I think it really depends on you. Personally, I would choose to wait to spay because to me, it's extremely important for my dog to keep his hormones in order to grow and mature the way he's supposed to. Not to say that isn't a priority for you, but you may have things to think about that I don't have to. I don't have to think about putting Kaizer in daycare because both my parents work from home. If daycare is the only factor to spay early, would your daycare accept her if she had an ovary sparing spay? She wouldn't have a uterus, so she wouldn't be able to reproduce or go in heat, but she'd keep her hormones. It's not something I know a lot about, so you'd have to do some more research on it. There's a group on Facebook who are very educated on alternate spays and could help you if you're interested.

For what it's worth, if Kaizer wasn't cryptorchid, I wouldn't neuter him at all. But because he is, he's getting neutered between 18-24 month.


----------



## Kalhayd (May 4, 2016)

aesthetic said:


> I think it really depends on you. Personally, I would choose to wait to spay because to me, it's extremely important for my dog to keep his hormones in order to grow and mature the way he's supposed to. Not to say that isn't a priority for you, but you may have things to think about that I don't have to. I don't have to think about putting Kaizer in daycare because both my parents work from home. If daycare is the only factor to spay early, would your daycare accept her if she had an ovary sparing spay? She wouldn't have a uterus, so she wouldn't be able to reproduce or go in heat, but she'd keep her hormones. It's not something I know a lot about, so you'd have to do some more research on it. There's a group on Facebook who are very educated on alternate spays and could help you if you're interested.
> 
> For what it's worth, if Kaizer wasn't cryptorchid, I wouldn't neuter him at all. But because he is, he's getting neutered between 18-24 month.


I could inquire about that for sure. I'm not against waiting, I'm just torn on studies to show which is really the best method. I know our vet(whom I love!) is very pro early spay(6-months), but I'm sure she'd respect our decision should the waiting truly benefit Dory.


----------



## StephA (Jun 22, 2016)

Its such a difficult decision and I think all you can do is gather as much information for both arguments and make an informed decision based on your own gut feeling.

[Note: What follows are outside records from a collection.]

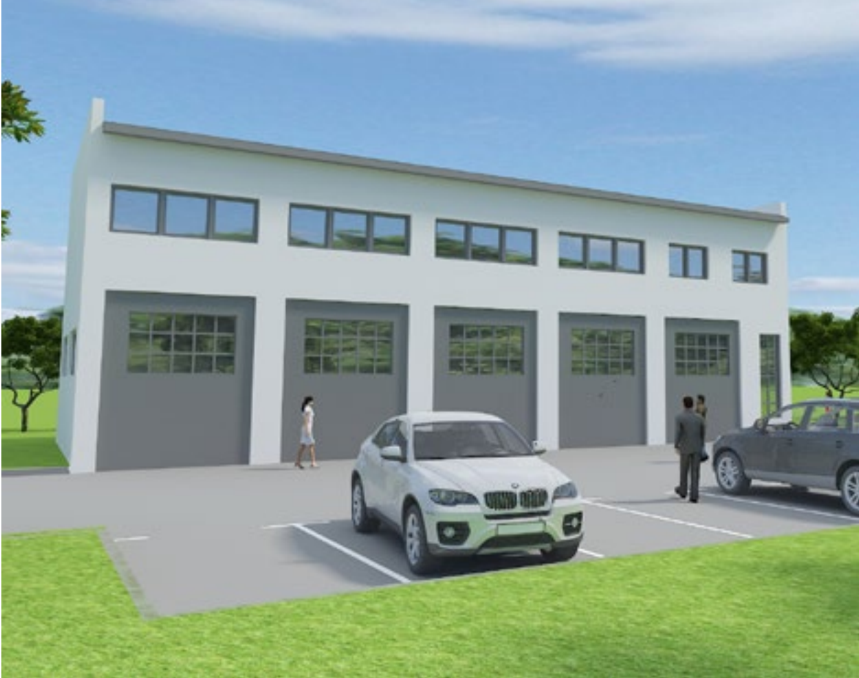
Dom će se nalaziti u samom središtu Rovišća, na Laništu
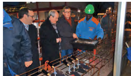
Lors de la pose de la première pierre rue Pablo Picasso avec l'OPH77.

Pendant ce temps, le déploiement de la fibre se poursuit sur la commune et nos partenaires de SFR ont ainsi pu nous confirmer en janvier que le réseau enterré était quasi entièrement
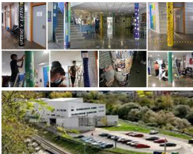
Visita al IES Valle de Aller, Moreda, Principado de Asturias
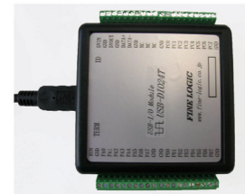
USB/LAN/232C 接続可能なデジタル 入出力モジュール
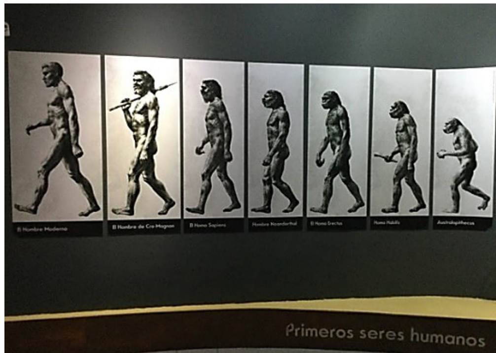
Figura 1 – Primeros seres humanos.

A finales del siglo XX, como se mencionó antes, se dio una crítica al concepto de cultura desde la subalternidad, que giró en torno al entendimiento elitista y homogéneo de dicho concepto, lo cual propició que en los museos se generaran narrativas que presentaban a los “otros”, en este caso, de la historia nacional. Sin embargo, la alegoría de las diferencias propició, por un lado, que la representación de la historia en los museos se “sometiera a una estetización de lo subalterno”, es decir, se amplió la fetichización de lo considerado “otro” 29 del proyecto nacional. Por otro lado, el entendimiento de la subalternidad llevó a que las diferencias sociales se explicitaran y argumentaran a través del cuerpo y lo territorial, como se verá más adelante.
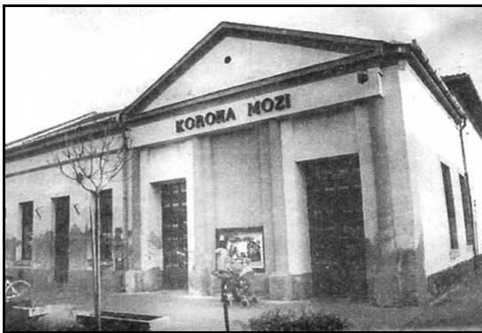
Mi lesz veled, Mozi? - 2000

1993-ban a Sportcsarnok átadásával fejeződött be a Nevelési Központ 10 éves fejlesztésének utolsó beruházása, ezzel teljessé vált a Jantyik és Csíkos utcai oktatási és kulturális komplexum. Ebben az évben városi tulajdonba került a munkásörség épülete, itt avatták 1998-ban a Civil Szervezetek Házát, a földszinten a Békés Megyei Munkaügyi Központ békési kirendeltsége kapott helyet. (2008-tól a Békési Civil Szervezetek Háza a Hőzső utcába költözött.) Mögötte hangulatos szökőkutas terecskét alakítottak ki.

We have a very good vet, who spent probably 30 minutes with us, giving us lots of information without trying to influence us and we have decided to wait until after Maple's first season.


The main factor in that decision for us is the likelihood of urinary incontinence. Evidence seems to suggest that the likelihood of incontinence after having a bitch spayed is just under 10% if spayed before the first season - this likelihood halves if spayed after the first season. By all accounts, this is a particular problem with Goldens as they have a short urinary tract.
The cancer risk did cause us some heart ache, but our vet suggested that after the first season, the risk is actually around an extra 1%. But that risk dramatically increases exponentially for every subsequent season, so we won't wait any longer than 3 months after 1st season.


Good luck in making the right decision for you - its so difficult!


----------



## Gleepers (Apr 20, 2016)

We are going for after the first heat. I talked with our Breeder about the whole heat thing quite a bit as I've never done it before. Apparently his dogs tend to have their first right around that 6 mo mark. In which case we may wait until around a year, (or we may not) Penny is a VERY VERY active little dog, and her desire to run, climb and jump is HUGE. So anything we can do to help her little joints survive her temperament I think will be a good thing.
Looks like as far as the Cancer risk, you are darned if you do and darned if you don't.


----------



## GoldenFocus (Feb 28, 2016)

Well in my situation the SPCA spayed Roxy at 3 months and she is now 2 years old. My Sonja will be spayed after a year old and most likely one heat cycle at the earliest. My past experience includes females that have had a litter and those that were spayed early and honestly they all lived to the "older" range for each breed.


----------



## ArchersMom (May 22, 2013)

Just out of curiosity, did your vet explain why they wanted to spay at 6 months? Did they give you any medical reasons for performing surgery so early or did they just suggest it? I wish more vets would explain the pros and cons to pet owners and trust the owner to make the decision that's best for their situation. If they can't give a definitive reason for early spay and they only recommend it because they don't want to see more unwanted litters, I think the owner needs to decide whether they can be responsible and prevent it themselves. If the owner can't watch the dog 100% when outside and keep them safe from unwanted pregnancy, then go ahead and get them spayed early. Whatever it takes to end overpopulation. But I don't think it's necessary for every pet if there really isn't proof that it's healthier for the dog.


----------



## Gleepers (Apr 20, 2016)

Archersmom, funny you mention that. Our vet is 100% against delaying the spay. They have repeatedly pressed me to get Penny spayed right at 6 mo. They never once mentioned anything about any benefit about waiting and one of them is a life long Golden owner.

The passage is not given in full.